Issued jointly by the Department of Commerce, the Department of Justice, and the Office of the Director of National Intelligence, the white paper tackles not only the CJEU’s rationale for invalidating the EU-U.S. Privacy Shield, but also its requirement for companies to undertake a “case-by-case assessment” of U.S. surveillance laws.
In short, the white paper makes three points:
(1) Most companies are not disclosing personal data to U.S. intelligence agencies because they do not deal in data that is of any interest to those agencies. Indeed, companies that transfer ordinary commercial information would have no reason to believe that U.S. intelligence would seek to collect such data.
(2) To the extent any companies are ordered to make disclosures under the Foreign Intelligence Surveillance Act (FISA), those disclosures undoubtedly serve important EU public interests in accordance with GDPR Art. 49. The white paper notes that the U.S. government frequently shares intelligence information with EU Member States “to counter a variety of threats, including international terrorism, the proliferation of weapons of mass destruction, and the activities of hostile foreign cyber actors.”
(3) Companies relying on standard contractual clauses (SCCs) may consider information not addressed by the CJEU when making individualized assessments on whether U.S. laws offer an adequate level of protection.
On the third point, the white paper emphasizes that the CJEU in Schrems II ruled only on the validity of Commission Decision 2016/1250, which recorded limited findings about U.S. law for purposes of the Privacy Shield.

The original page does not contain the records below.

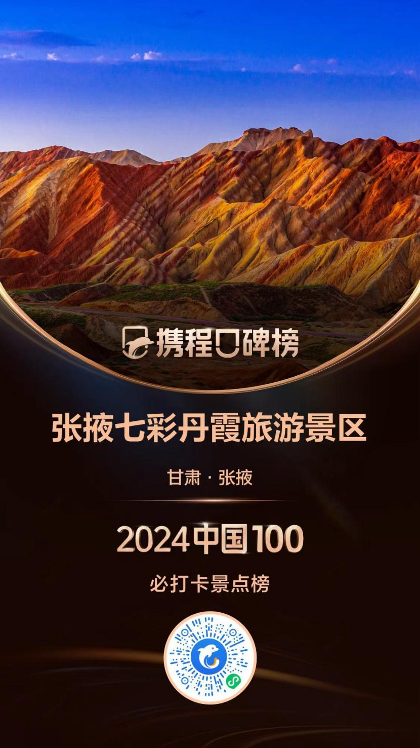 近日,2024携程口碑榜正式发布,张掖七彩丹霞景区成功入选携程口碑榜“2024年中国100必打卡景点”榜单。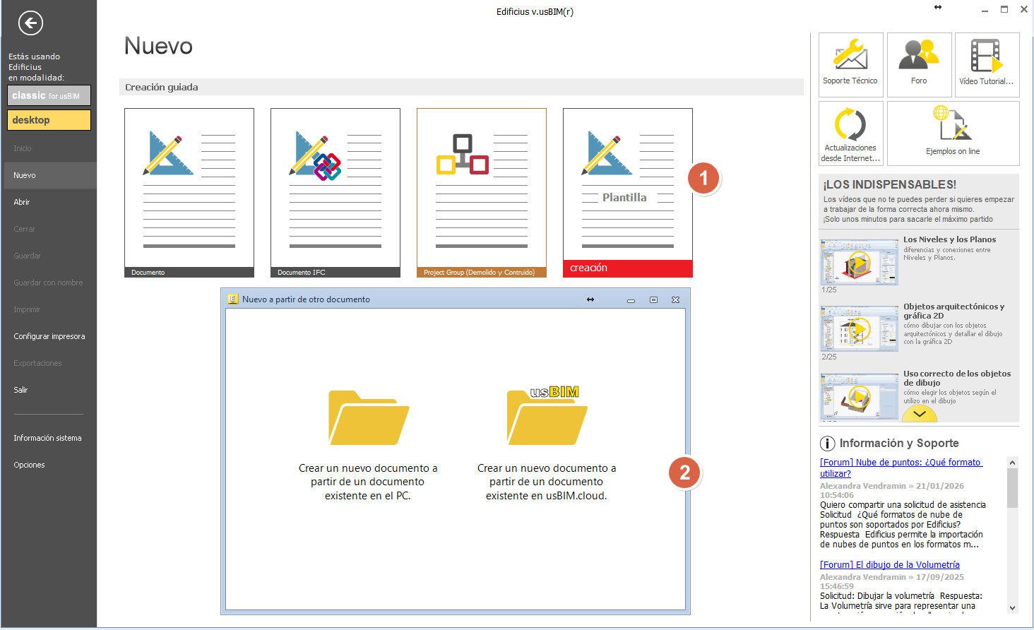 | Nuevo a partir de otro documento (Plantilla)Alexandra Vendramin 2026-01-21 11:05:19 Quiero compartir una solicitud de asistencia. Solicitud: Debo realizar un nuevo proyecto. ¿Existe una manera de utilizar información ya presente en otro proyecto sin tener que empezar desde cero? ¿Me conviene utilizar un archivo existente? Respuesta: En Edificius está disponible la función Nuevo a partir de otro documento (Plantilla), que permite crear un nuevo documento a partir de un archivo existente, presente en el PC o en usBIM.cloud, utilizándolo como plantilla. Cómo proceder: - Acceder a la Home de Edificius - Seleccionar la opción Nuevo a partir de otro documento (Plantilla) - Localizar el archivo a utilizar como referencia (puede estar en el PC o en usBIM.cloud) Preguntas: - ¿Qué información se transfiere realmente? En el nuevo documento generado se mantienen las entidades 2D y todas las configuraciones generales del proyecto utilizado como plantilla: Datos Generales, Gestión de Niveles, Planos, Niveles del terreno, Datos de instalaciones, Entidades por defecto, Planimetrías, Plantas, Secciones, Alzados, Tablas y Abacos. - ¿En el archivo también encuentro elementos paramétricos como estratigrafías, puertas, ventanas u objetos personalizados creados en el proyecto de origen? Sí. Se transfieren los elementos de la librería de objetos BIM de Proyecto que están asociados a las entidades por defecto. Por ejemplo, si se inserta una pared, en el toolbox de propiedades estarán disponibles las últimas elecciones realizadas en el archivo de origen (estratigrafías, materiales, etc.). Por lo tanto, dichos elementos también estarán presentes en la librería del nuevo proyecto. Discusiones relacionadas: --> Templates de la gráfica 2D |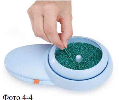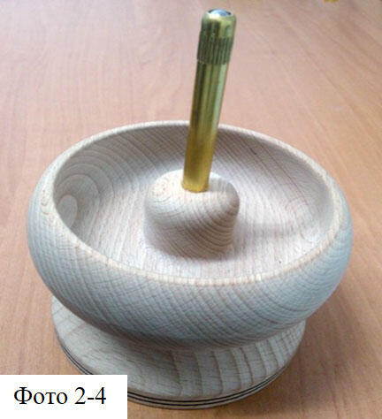 Еще один способ с помощью «прялки» (спинера) для бисера (фото 24, 34) Это приспособление состоит из двух деталей: основания с выступающим из центра металлическим стержнем и деревянной насадки, плотно прилегающей к основанию. Как пользоваться. Высыпаем бисер в чашечку так, чтобы было чуть больше половины, иначе бисер будет выпадать во время вращения «прялки». Опускаете кончик длинной проволоки в чашу, держите ее наклонно. Другой рукой вращаете «прялку» так, чтобы она крутилась на проволоку. И бисер сам будет нанизываться на проволоку.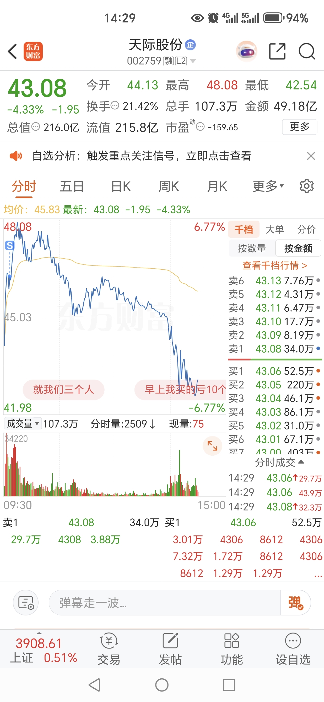 $天际股份(SZ002759)$ 卧槽这货跳水真牛逼,不跑芭比Q了

The white paper identifies relevant information not mentioned in Decision 2016/1250, as well as developments occurring after 2016, to aid companies with their assessments.
In particular, the white paper notes that the Foreign Intelligence Surveillance Court has an active role in supervising whether individuals are properly targeted under FISA. It also identifies statutes that allow individuals of any nationality (including EU citizens) to seek redress in U.S. courts for FISA violations.
Indeed, the white paper contends that “data transferred to the United States enjoys comparable or greater privacy protections relating to intelligence surveillance than data held within the EU.”
Companies needing justification for ongoing data transfers to the U.S. should consider reviewing the arguments made in the white paper as a first step in their Schrems-mandated assessments. With any luck, those arguments may convince organizations—and, more importantly, European regulators—that their transatlantic data flows may continue post-Schrems.